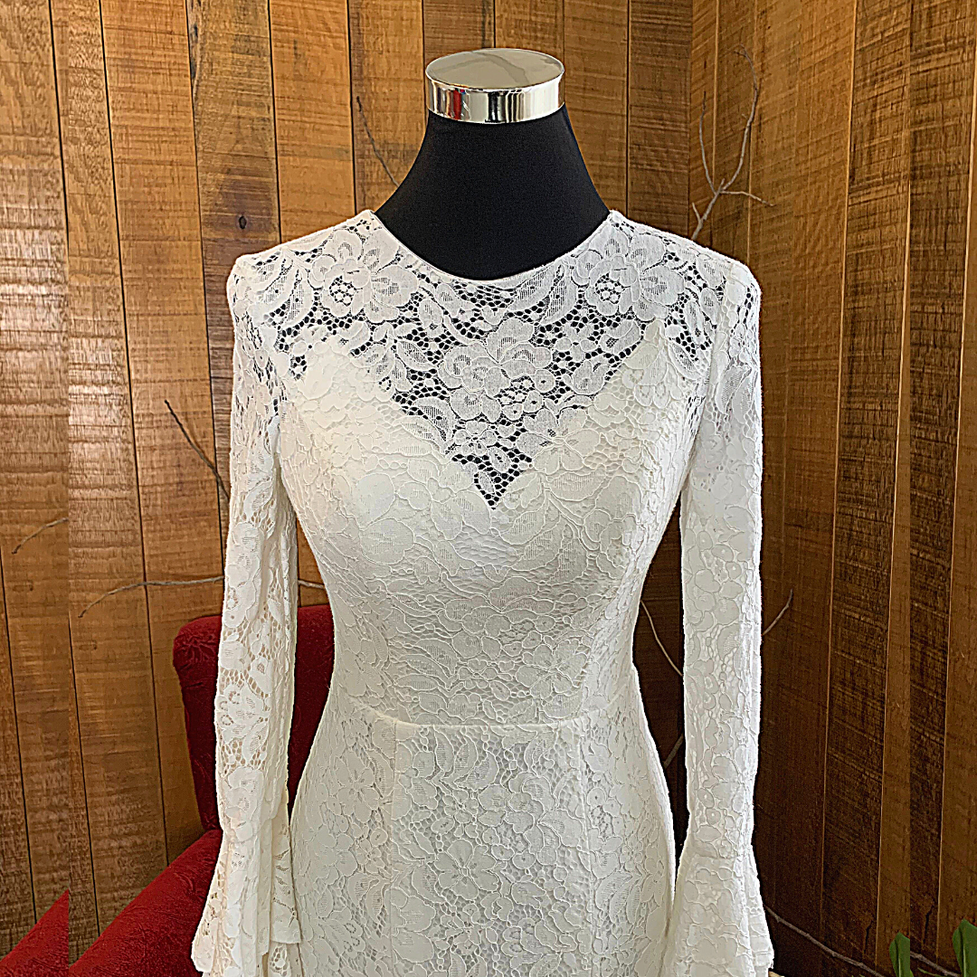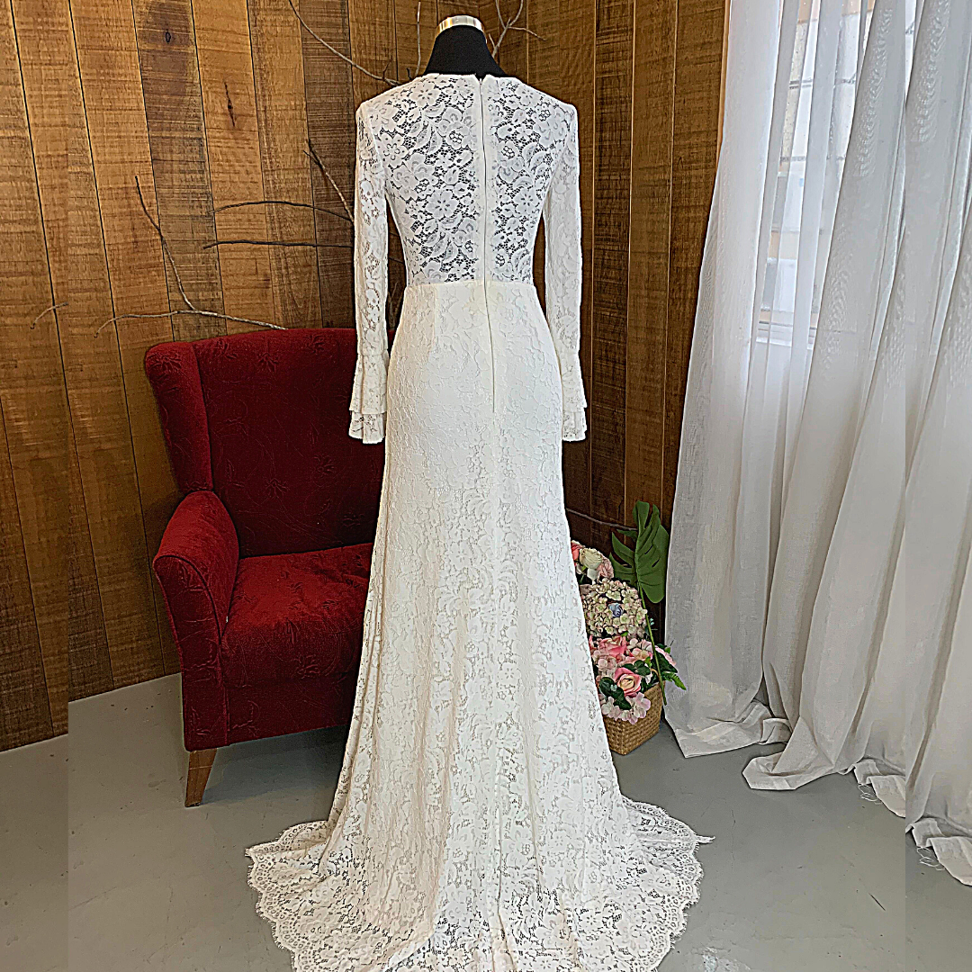 Couture design Long sleeves wedding dress with elegant round neck in Full French Chantilly lace.
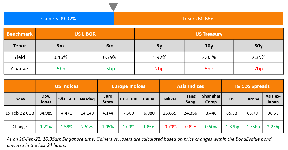 S&P and Nasdaq saw a risk-on move, up 1.6% and 2.5%. Sectoral gains were led by IT and Consumer Discretionary, up 2.7% and 2.1% each. The US 10Y Treasury yield rose by 5bp to go back above the 2% mark to 2.03%. European markets were also higher with the DAX, CAC and FTSE up 2%, 1.9% and 1.1% each. Brazil’s Bovespa closed 0.8% higher. In the Middle East, UAE’s ADX was up 0.3% and Saudi TASI closed 1.2% higher. Asian markets have opened broadly higher with Shanghai, HSI, STI and Nikkei up 0.7%, 1.3%, 0.1% and 2.1% respectively. US IG CDS spreads were 1.9bp tighter and HY CDS spreads were 9.5bp tighter. EU Main CDS spreads were 1.8bp tighter and Crossover CDS spreads were 8.8bp tighter. Asia ex-Japan CDS spreads were 2.3bp wider.
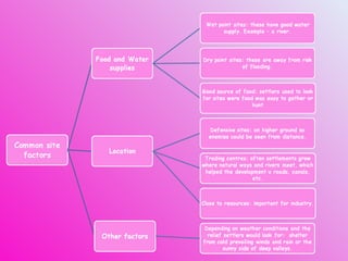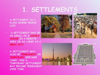 The document discusses different types of settlements and urban models. It defines a settlement as a place where people live, from a single house to a large city. Settlement sites are chosen based on factors like proximity to water and transport routes. Larger settlements become hierarchical centers that provide more services. Urban models in more economically developed countries include concentric zones like the central business district and suburbs. Models in less economically developed countries have informal shanty towns and greater inequality. The document also discusses problems of urbanization like congestion and ways to make cities more sustainable.

## How to complete this task:
Type the listing above out again exactly, and omit all pictures.

## Solution below:
 Couture design Long sleeves wedding dress with elegant round neck in Full French Chantilly lace.
 S&P and Nasdaq saw a risk-on move, up 1.6% and 2.5%. Sectoral gains were led by IT and Consumer Discretionary, up 2.7% and 2.1% each. The US 10Y Treasury yield rose by 5bp to go back above the 2% mark to 2.03%. European markets were also higher with the DAX, CAC and FTSE up 2%, 1.9% and 1.1% each. Brazil’s Bovespa closed 0.8% higher. In the Middle East, UAE’s ADX was up 0.3% and Saudi TASI closed 1.2% higher. Asian markets have opened broadly higher with Shanghai, HSI, STI and Nikkei up 0.7%, 1.3%, 0.1% and 2.1% respectively. US IG CDS spreads were 1.9bp tighter and HY CDS spreads were 9.5bp tighter. EU Main CDS spreads were 1.8bp tighter and Crossover CDS spreads were 8.8bp tighter. Asia ex-Japan CDS spreads were 2.3bp wider.
 The document discusses different types of settlements and urban models. It defines a settlement as a place where people live, from a single house to a large city. Settlement sites are chosen based on factors like proximity to water and transport routes. Larger settlements become hierarchical centers that provide more services. Urban models in more economically developed countries include concentric zones like the central business district and suburbs. Models in less economically developed countries have informal shanty towns and greater inequality. The document also discusses problems of urbanization like congestion and ways to make cities more sustainable.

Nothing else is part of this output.